— Документы отправлены под Тулу с секретарем исполкома. Учителя предупреждены, занятий не начинать… Население тоже. В случае, кто подастся к деникинцам, ответит по всей строгости…
Шабунин нетерпеливо перебил:
— Ну, а сам, сами? Коммунисты эвакуировались?
Быстров нахмурился.
— Непроявившие себя оставлены по домам.
— А проявившие?
— Собраны в кулак. Отрядик сформировали…
— Что будете делать?
— Появляться то здесь, то там. Советская власть не кончилась. Не давать жизни дезертирам. Нападать на мелкие части противника…
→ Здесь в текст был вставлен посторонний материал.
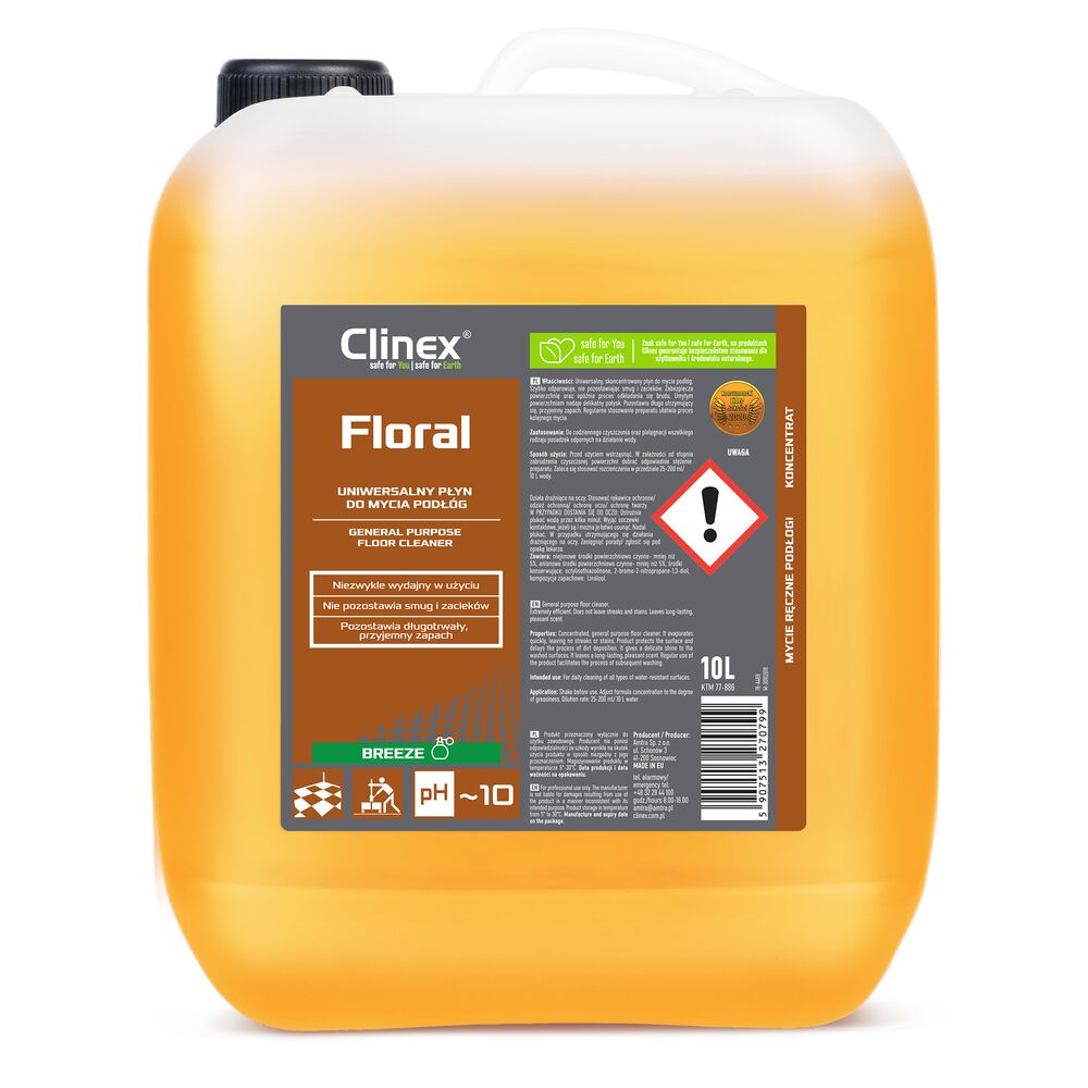 Clinex Floral to uniwersalne, skoncentrowane płyny do mycia podłóg w kilku wesjach zapachowych. Szybko odparowują, nie pozostawiając smug i zacieków. Zabezpieczają powierzchnię oraz opóźniają proces odkładania się brudu. Umytym powierzchniom nadają delikatny połysk. Pozostawiają długo utrzymujący się, przyjemny zapach. Regularne stosowanie preparatu ułatwia proces kolejnego mycia.

Шабунин пристально посмотрел в окно. Кто-то кричал визгливо, жалобно: то ли кого бьют, то ли оплакивают. Быстров не обращал внимания на крик, и Шабунин отвернулся от окна.
— Уверены, что Советская власть не кончилась?
— Уверен.
— И я уверен.
Славка слушал как завороженный и думал: «Вот что делает людей коммунистами: доверие и уверенность. Доверие и уверенность приносят победу в самых невероятных обстоятельствах…»
Шабунин сжал губы, покачал головой, точно не слышно сказал что-то самому себе, и лишь потом обратился к Быстрову:
— Должен сказать, что положение весьма катастрофическое. — Сердито посмотрел на Славку, точно тот во всем виноват, и пригрозил ему: — А ты слушай да помалкивай, мы языкастых не любим.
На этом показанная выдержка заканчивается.